Olgun Deniz, Medical doctor: No relevant financial relationship(s) with ineligible companies to disclose.
Objectives: Sarcopenia is a well-known concept in geriatric medicine defined as the progressive degeneration of muscle mass and strength, as well as decreased physical activities in older adults. Acute sarcopenia, secondary to an acute stressful event (e.g., increased length of hospital stay), might not always recover entirely and may lead to or hasten the development of chronic sarcopenia. The study aimed to show how muscle ultrasonographic parameters change in acutely admitted hospitalized older patients.
Methods: Ultrasonographic measurements of the rectus femoris (RF) and the vastus lateralis (VL) muscle, and muscle strength through hand grip strength were performed on the 1st, 8th, and 15th-day of admission to the hospital. The nutritional state of the patients was assessed through the Mini-Nutritional Assessment-Short Form (MNA-SF). The SARC-F (a five-item questionnaire) and FRAIL-scale (short 5-question assessment of fatigue, resistance, aerobic capacity, illnesses, and loss of weight) were completed as routine screening questionnaires for sarcopenia and frailty, respectively.

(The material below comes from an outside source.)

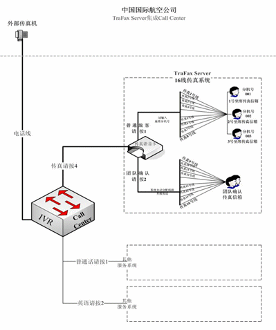 與國航Call Center集成后的TraFax Server系統(tǒng)共有16條傳真線路,其中一半專門用作接收普通旅客發(fā)來的傳真,另外8條線路則是為受理團體客戶的傳真確認而設(shè)。二者不同是,普通客戶在向國航發(fā)送傳真的過程中需要根據(jù)系統(tǒng)提示音在發(fā)送前的最后環(huán)節(jié)中輸入明確的坐席分機號碼,以使傳真文件發(fā)向分機號對用的坐席傳真信箱中,以此實現(xiàn)坐席人員對旅客的一對一式服務(wù),從而提高服務(wù)水平。而團隊確認的傳真無需輸入坐席分機號,傳真將被空閑的線路直接發(fā)送到一個專門的團隊確認傳真信箱中,從而確保國航對該類傳真的快速處理能力。目前,16線的TraFax Server已經(jīng)徹底的解決了國航的海量傳真問題,中國國際航空股份有限公司正在一個全新的平臺上向旅客提供著更加高效、更加便捷的人性化服務(wù)。

Results: A total of 25 community-dwelling patients (60 % female) aged a median of 73 (65-89) years were included in the study. Most patients were at least at risk of malnutrition and sarcopenia on admission according to mean MNA-SF of 9.9 and SARC-F of 4, respectively. Median length of stay is 10 (range 7 to 18) days. Most of the patients were frail as median FRAIL score 3, and admitted predominantly for infection. Two of the patients died during the hospitalization. There was a significant decline in thickness (13.66 ± 2.38 vs. 13.08 ± 2.15 vs. 12.76 ± 2.28, p=0.011), cross-sectional area (5.33 ± 0.82 vs. 5.17 ± 0.79 vs. 5.05 ± 0.77, p=0.013), and angle (7.20 ± 0.84 vs. 7.10 ± 0.74 vs. 6.90 ± 0.86, p=0.046) of the rectus femoris muscle but not in vastus lateralis muscle thickness (11.98 ± 2.64 vs. 11.48 ± 2.59 vs. 11.64 ± 2.52, p=0.103) through the 1st, 8th, and 15th day measurements. Handgrip strength measurements showed non-significant declines among males and females during hospitalization.
Conclusions: Even a short period of hospitalization may result in a significant reduction of ultrasonographic muscle thickness measurement. Acute sarcopenia may be assessed via bedside USG measurements in geriatric inpatients.